◆ **Assignment**
Below are some records. Retype exactly the lines from the one containing "目前,仙工智能已完成多个信创" through the one containing "Gold & Black Sequin Off Shoulder Maxi Dress", both included, skipping every picture.

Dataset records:
============

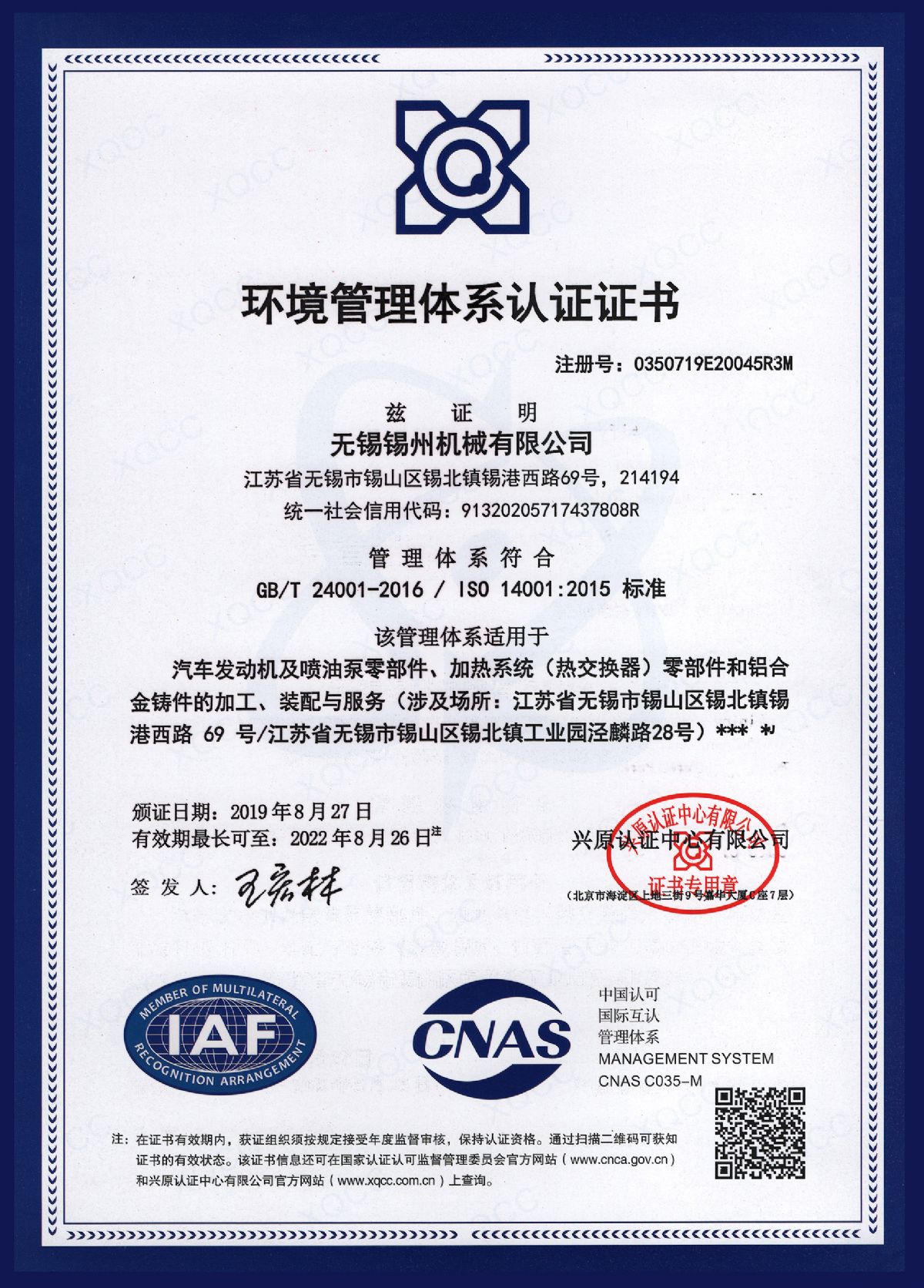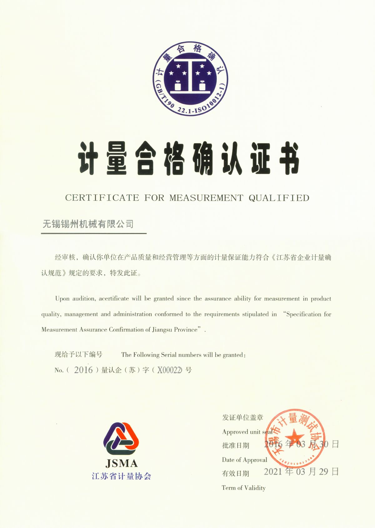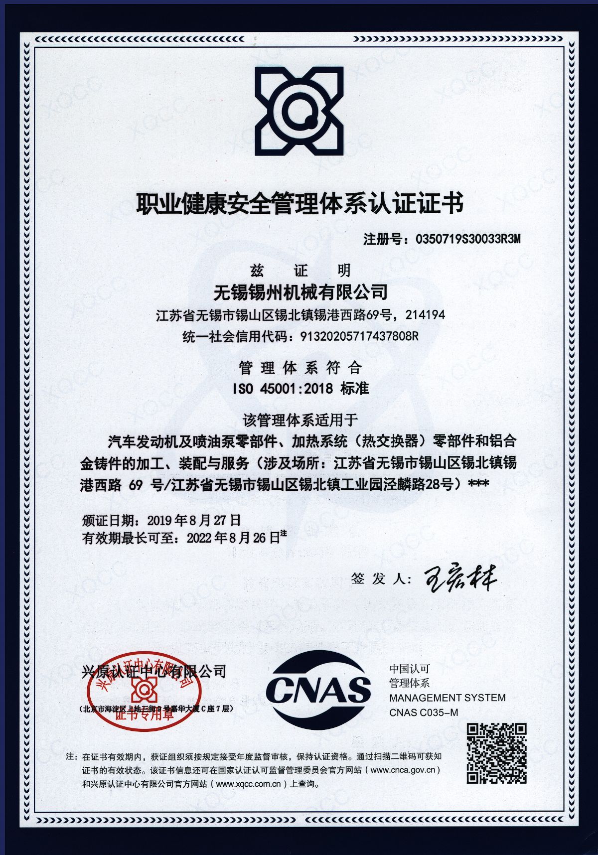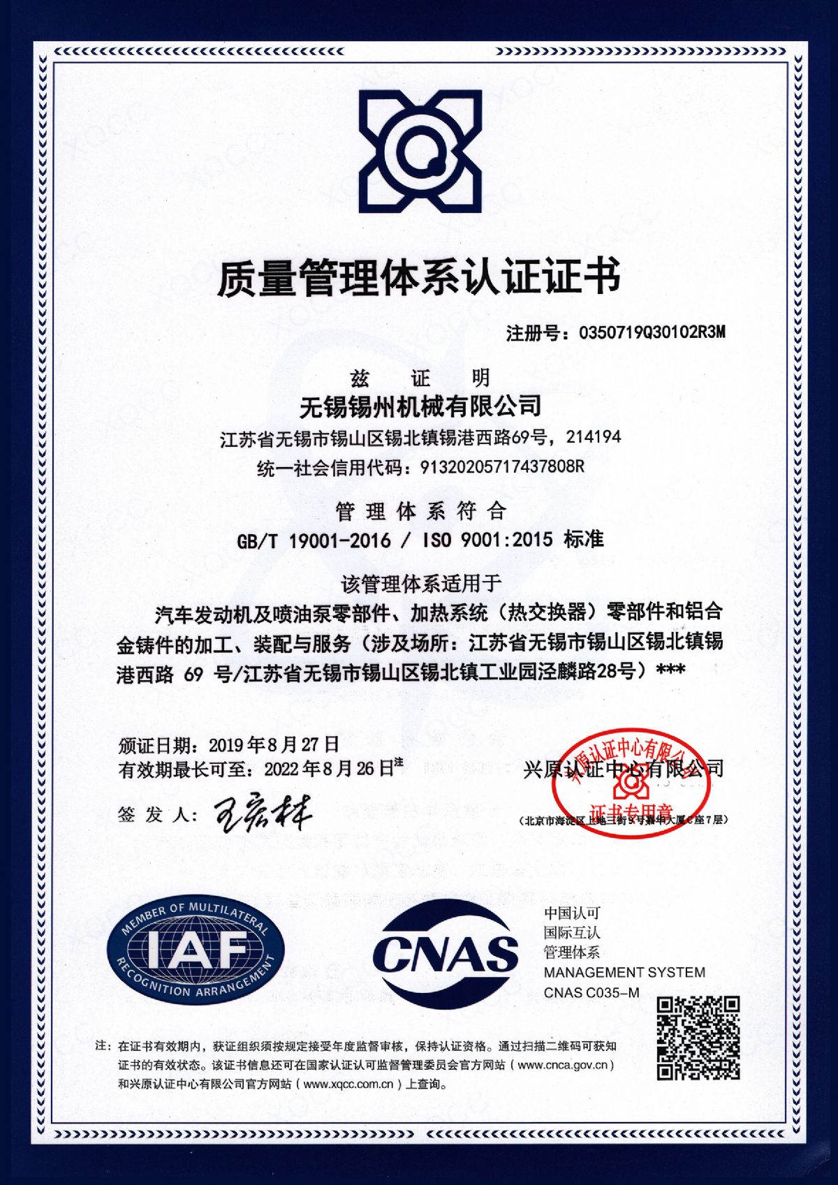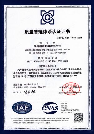 “ 以質量求生存,以管理增效益”是錫州機械堅定不渝的經營理念;“質量第一、客戶至上”是錫州機械堅持不懈的追求;“ 以人為本,鑄就優(yōu)質產品, 精益求精,增強顧客滿意”是錫州機械持之以恒的質量方針。 2001年7月公司通過ISO9001:2000質量體系認證, 2005年9月通過ISO/TS16949質量體系認證。公司于2007年7月通過產品ASME認證。 通過開展以產品質量為中心的企業(yè)管理,公司以先進的生產檢測設備、完善的質量保證體系、嚴密的產品開發(fā)體系、嚴格按照標準開展產品生產管理,并開展6S現場管理,竭盡全力創(chuàng)造一個比較清潔、健康、安全的環(huán)境,全方位地滿足國內外客戶的要求。
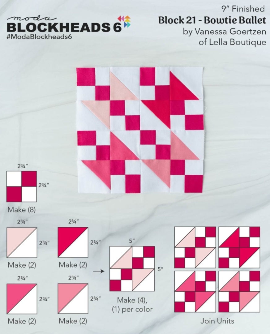 Блок 21. Танец бабочек. Дизайнер Vanessa Goertzen. Готовый блок 9”. Инструкции по раскрою Инструкции по сборке Также, буквы обозначают цвет ткани. Одинаковые буквы= один цвет ткани, что несколько усложняем процесс описания пошива. Шаги Очень полезный в пошиве блок! Тренирует навыки шитья по квадратам и треугольникам. На выходе также возможны варианты, включая звезду! 1. На обратной стороне квадратов А начертить диагональ. Совместить квадрат А с квадратом С и проложить 2 строчки на расстрянии 1/4" от диагонали. Разрезать по диагонали и заутюжить шов на более темную сторону. Сшить 2 квадрата АС. Повторить процесс с квадратами А и квадратами D, E и F, чтобы получить по 2 квадрата AD, AE и AF. Размер детали с припусками 2 3/4". 2. Разложить 2 маленьких квадрата А и 2 квадрата В согласно схеме и сшить в ряды. Ряды сшить между собой и разутюжить. Сшить 8 квадратов. Размер детали с припусками 2 3/4". 3. Взять 2 квадрата АС из шага 1 и 2 квадрата АВ из шага 2, разложить по схеме и
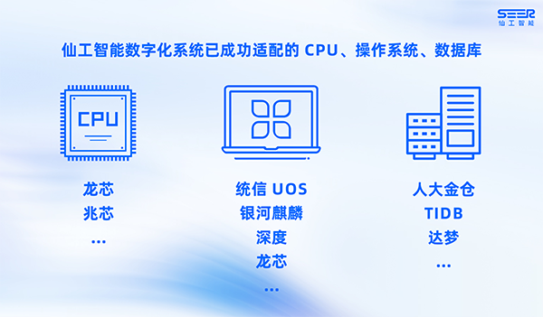 目前,仙工智能已完成多个信创相关软硬件集成测试与适配,广泛兼容、适配行业主流的国产芯片、国产数据库及操作系统。
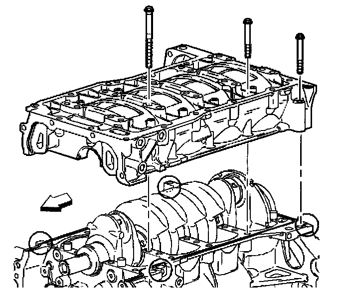 4. Apply sealer GM P/N 12346286 (Canadian P/N 10953472) to the surfaces of the engine block to bedplate mating surfaces.
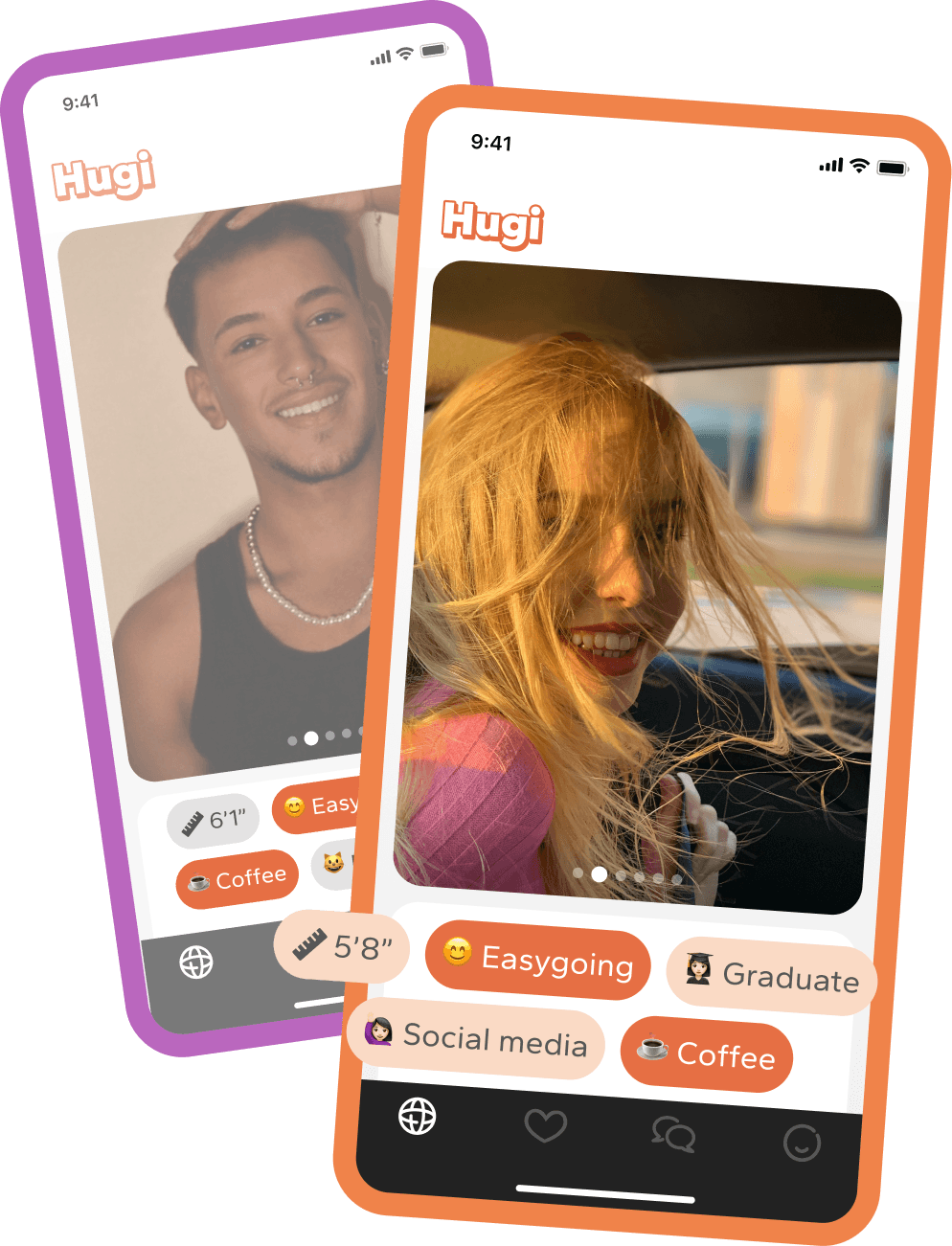 Hugi is more than just a dating app. It is a platform that redefines traditional dating by eliminating repetitive swiping, endless waiting, and shallow interactions. At Hugi, we focus on fostering meaningful connections, allowing you to start conversations based on shared interests and genuine curiosity.
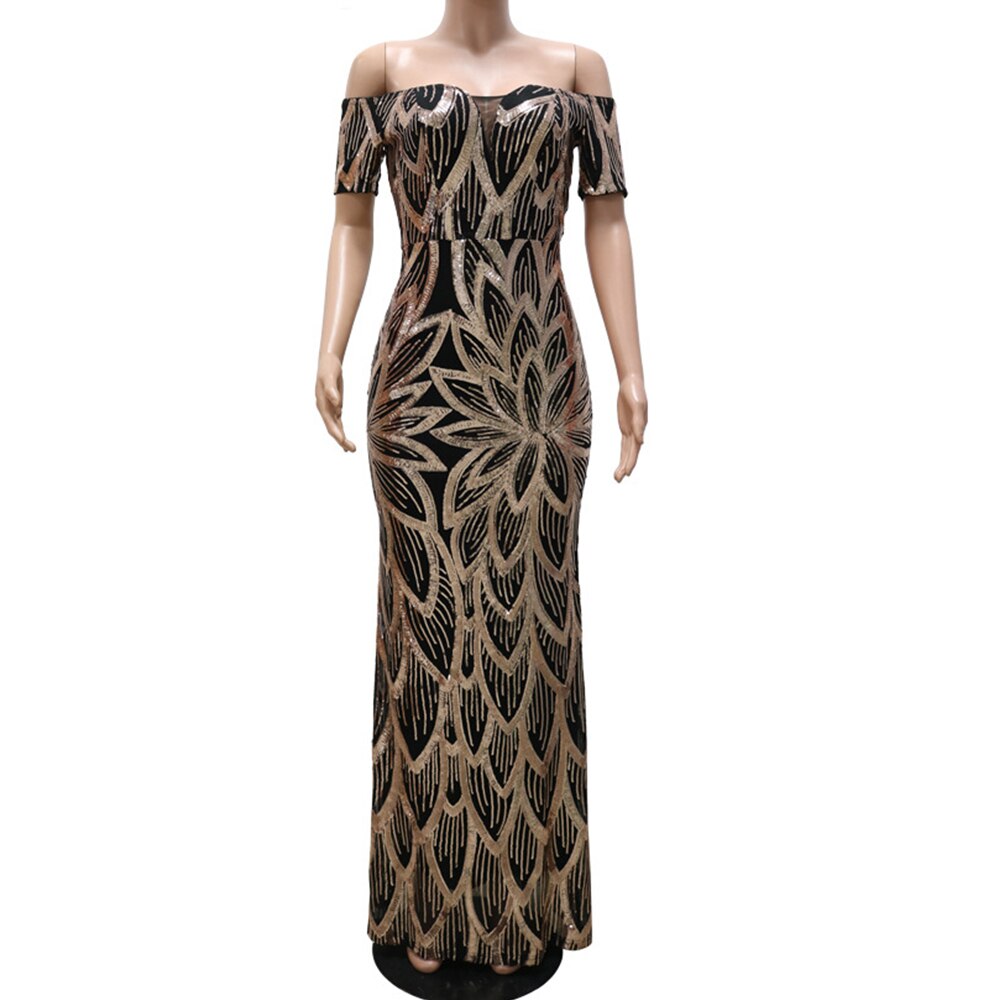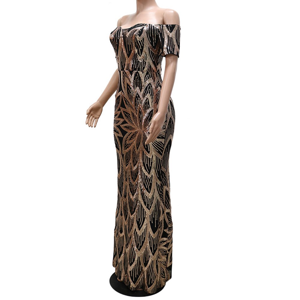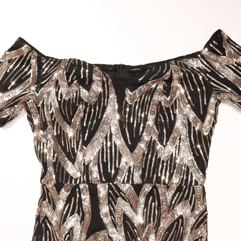 Gold & Black Sequin Off Shoulder Maxi Dress
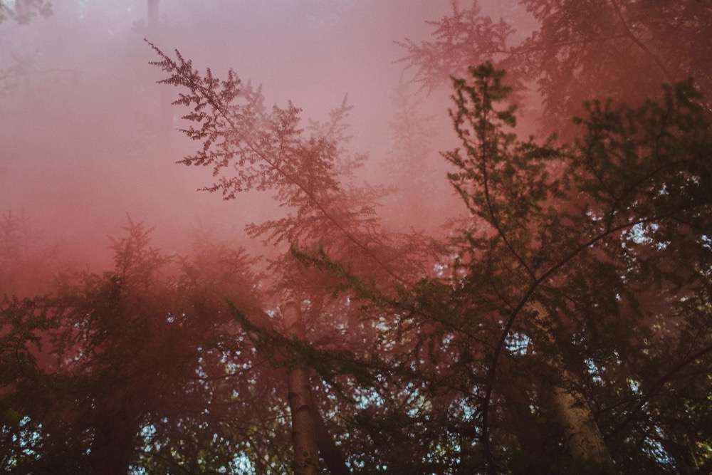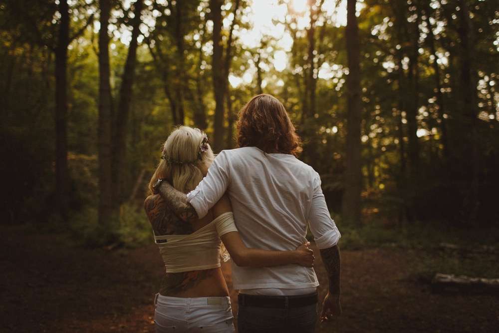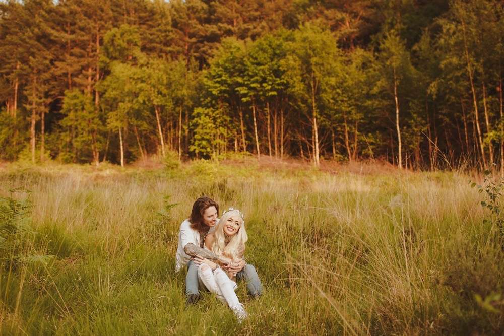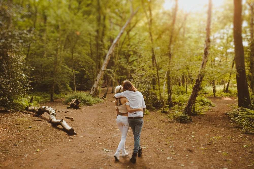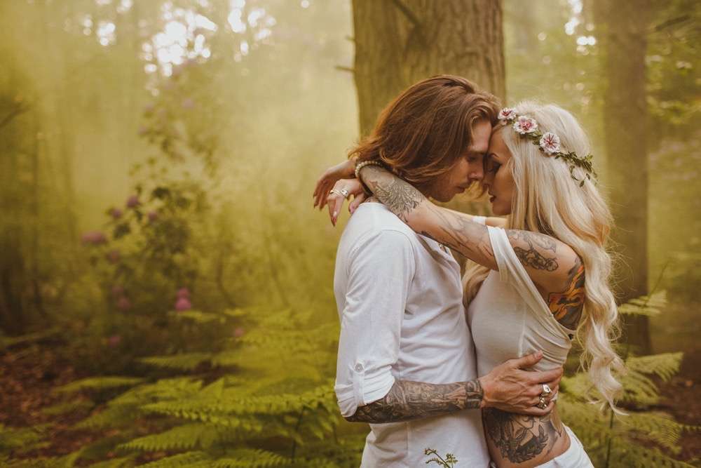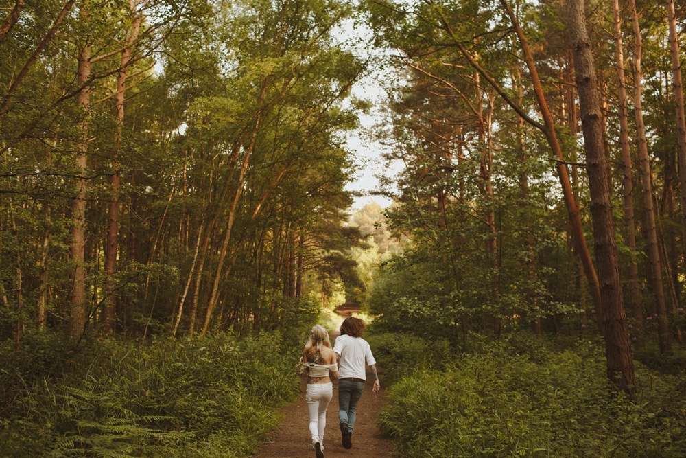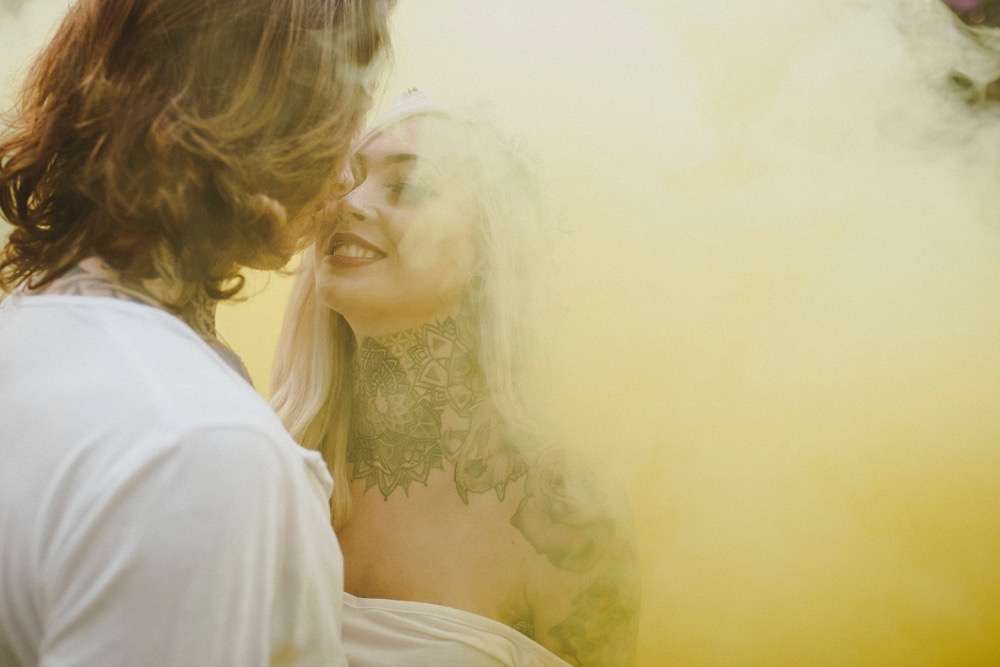 “Our engagement shoot took place at Oxshott Woods, Surrey”, said Jody. “It had a woodland fairytale theme. We wanted our photos to have a unique quality about them and to represent something classic but also with an edge (like us!) We wanted to add something that made the natural backdrop more magical with the coloured smokebombs.”
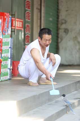 淮南市人民路上,一个小超市门口,常常有一只灰喜鹊飞来飞去,只见它一会儿停在路边的电瓶车上,一会又飞到超市的柜台前,或者蹦蹦跳跳地在门口散步,来往的路人伸出手摸摸它,它也丝毫不畏惧,在你身边卖个萌,非常有趣。据这只鸟的主人罗先生介绍,这只鸟的名字叫“莎莎”,一直是散养在店里的,说起来还有段有趣的经历。罗先生说,刚养这只鸟的时候,城管文明督导员告诉罗先生店门口的大树上不允许挂鸟笼,于是罗先生就把鸟放了出来,城管文明督导员赶紧阻止罗先生说,别让它飞跑了啊!后来才发现虚惊一场,“莎莎”不但不飞跑,还悠闲地在店门口散起了步。从此以后,罗先生再也没有给“莎莎”用过鸟笼,莎莎和附近的邻居成了好朋友,陪罗先生一起看店,一起去公园。7月21日下午,记者看到它的时候,它正陪着罗先生打苍蝇,主人打下一只苍蝇,“莎莎”就跑去把苍蝇吃掉。
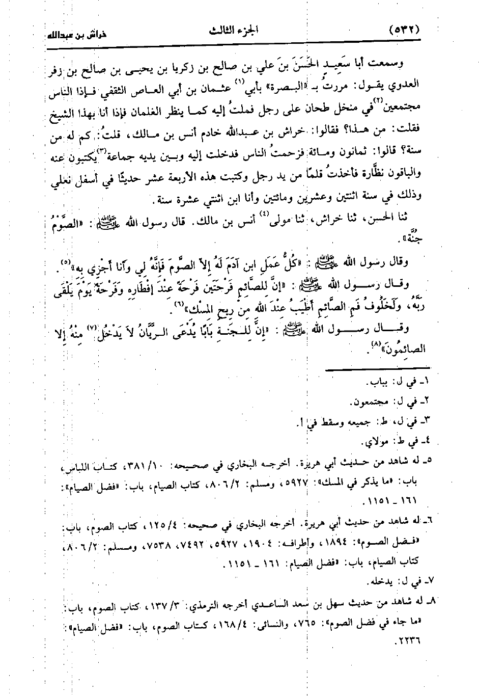 حَدَّثَنَا الحسن، حَدَّثَنا خراش، حَدَّثَنا مَوْلايَ أَنَسُ بْنُ مَالِكٍ قَال رَسُول اللهِ صَلَّى اللَّهُ عَلَيهِ وَسلَّمَ الصَّوْمُ جُنَّةٌ وَقَالَ رَسُولُ اللَّهِ صَلَّى اللَّهُ عَلَيْهِ وَسَلَّمَ كل عمل بن آدَمَ لَهُ إلاَّ الصَّوْمَ فَإِنَّهُ لِي وَأَنَا أَجْزِي بِهِ.

============

◆ **Solution for this problem**
 目前,仙工智能已完成多个信创相关软硬件集成测试与适配,广泛兼容、适配行业主流的国产芯片、国产数据库及操作系统。
 4. Apply sealer GM P/N 12346286 (Canadian P/N 10953472) to the surfaces of the engine block to bedplate mating surfaces.
 Hugi is more than just a dating app. It is a platform that redefines traditional dating by eliminating repetitive swiping, endless waiting, and shallow interactions. At Hugi, we focus on fostering meaningful connections, allowing you to start conversations based on shared interests and genuine curiosity.
 Gold & Black Sequin Off Shoulder Maxi Dress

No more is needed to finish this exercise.